4 お年寄りにはかなうわけがないと考える。
5 こちらの「ふつう」は捨てる。
6 高齢者という服を着ていると思う。
7 怒りはSOSと思う。
8 今日一日を特別な一日だと思う。
9 単なるお手伝いにならない。
10 高齢者ケアは長いホスピスだと考える。
あとがき
【本文の一部掲載】
|
お年寄りの笑顔のためのほんのちょっぴり長いまえがき
想像してみてください。
あなたはいよいよ老いを迎えました。
その時、どんな心境ですか?
こうなったのなら、今後はこうしていたい……。
こうなったのなら、これからはこうありたい……。
こうなったのなら、できる限りつらい思いも情けない思いもしたくない……。
自分の人生が終わっていくことを感じた心の底には、いろいろな思いが渦巻くことでしょう。その時、これまで生きてきた中ではあまり感じることがなかった考えが、心に浮かんでいるかもしれません。
どうやら老いを迎えた人の「ふつう」って、そうではない人の「ふつう」とはちょっと違うようです。だからこそ、まずはその違いを知って、お年寄りの「ふつう」を基準にした高齢者ケアをすればいい。これがいちばんシンプルな結論じゃないかと私は思っています。

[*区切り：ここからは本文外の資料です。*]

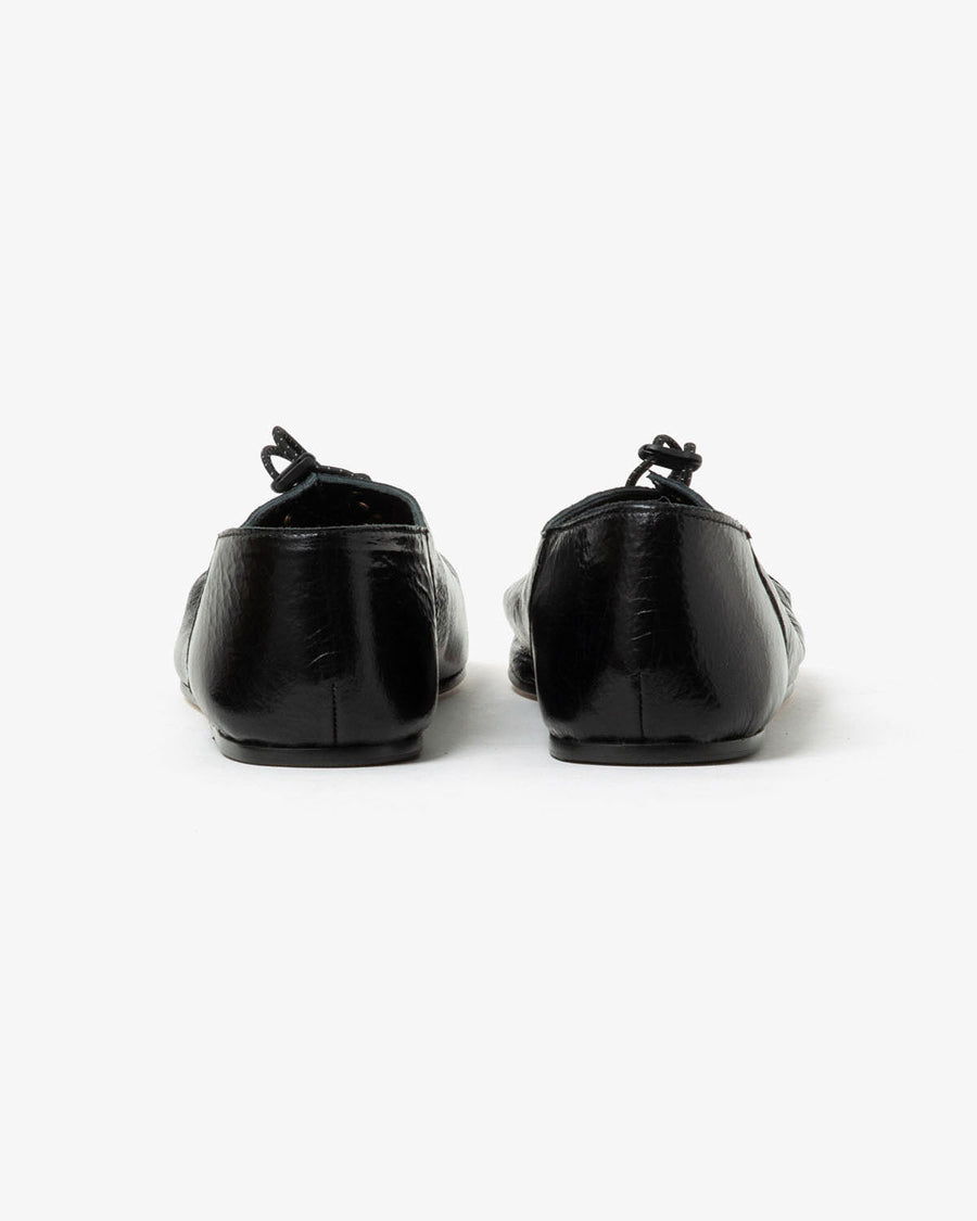 通常は底面でまとめるレザーを、あえて甲側にギャザーを露出させることで立体的な構造を生み出した「DUMPLE(ダンプル)」です。

そして今回、みなさんに手に取っていただいたこの本は、お年寄りの「ふつう」を基準にした高齢者ケアの方法をまとめた本です。題して、「お年寄りを笑顔にする50のスイッチ」と申します。
※
私は、高齢者と高齢者ケアを取材しているフリーランスライターです。2011年の春から、独自の取材スタイルで「人生の最後の時間を生きるみなさんの声」を集めはじめました。
その取材をしていく中で、高齢者ケアを実践する方々ともたくさん出会ってきました。中には、上手に高齢者ケアをする人もいましたし、逆にお年寄りをケアすることが苦手でうまくいかない人もいました。また、いろいろな施設やいろいろなご家族とも広くお付き合いさせていただきました。そのようにして、できる限り高齢者ケアの全体像をとらえられるよう取材を続けてきました。
さらに、私自身も夜勤専任介護士として有料老人ホームで3年間勤務し、それ以外にも高齢者向け移動教室「来てくれる教室」という場づくり活動を立ち上げて、継続してきました。
現在の取材のメインはその「来てくれる教室」です。
訪問させていただく施設は年々増え、今では東京と神奈川あわせて13カ所に増えました。(2015年12月現在。基本的に月2回ずつ訪問。1回の訪問につき1〜3教室)。年間では360教室ほど開催していますので、平均すると、ほぼ毎日どこかで10人前後のお年寄りとおしゃべりをして、密に接する時間作りや場作りをしているということになります。
これまでに知り合ったお年寄りは500人以上。そのうち10人にひとりはすでにお年寄りとしての暮らしを終えて旅立たれています。
そんなお年寄りのための教室の先生役として。
夜勤専任の介護スタッフとして。
もちろん介護ライターとして。
または、ごく自然な一友人や、いま生きている同じ人間同士として。
私はこれまでさまざまな立場からお年寄りの心を見つめてきました。
いろいろな言葉を交わし、いっしょに泣いたり笑ったりしながら時間を積み重ね、できるだけ自然で、できるだけ人間らしい時間を過ごしてきました。そうしながら私は、お年寄りの「ふつう」についてずっと考えてきました。
※
さて、みなさん。
お年寄りの「ふつう」って一体なんでしょう?
また、介護や、医療や、家族や、地域や、制度が押しつけてしまいがちな「ふつう」って一体なんでしょう?
それについて以前、こんなことがありました。
私が夜勤専任介護士の仕事をはじめてすぐの頃のことです。私が、あるご高齢の方の夕食のお手伝いをしていると、その方が急に、
「……コーラが飲みたい」
とおっしゃいました。
とてもはっきりとした口ぶりです。でもその方は日頃、「痛い……、苦しい……!」と叫び声をあげていることがほとんどだったので、私はびっくりするとともに心が和むようなうれしい気持ちにもなりました。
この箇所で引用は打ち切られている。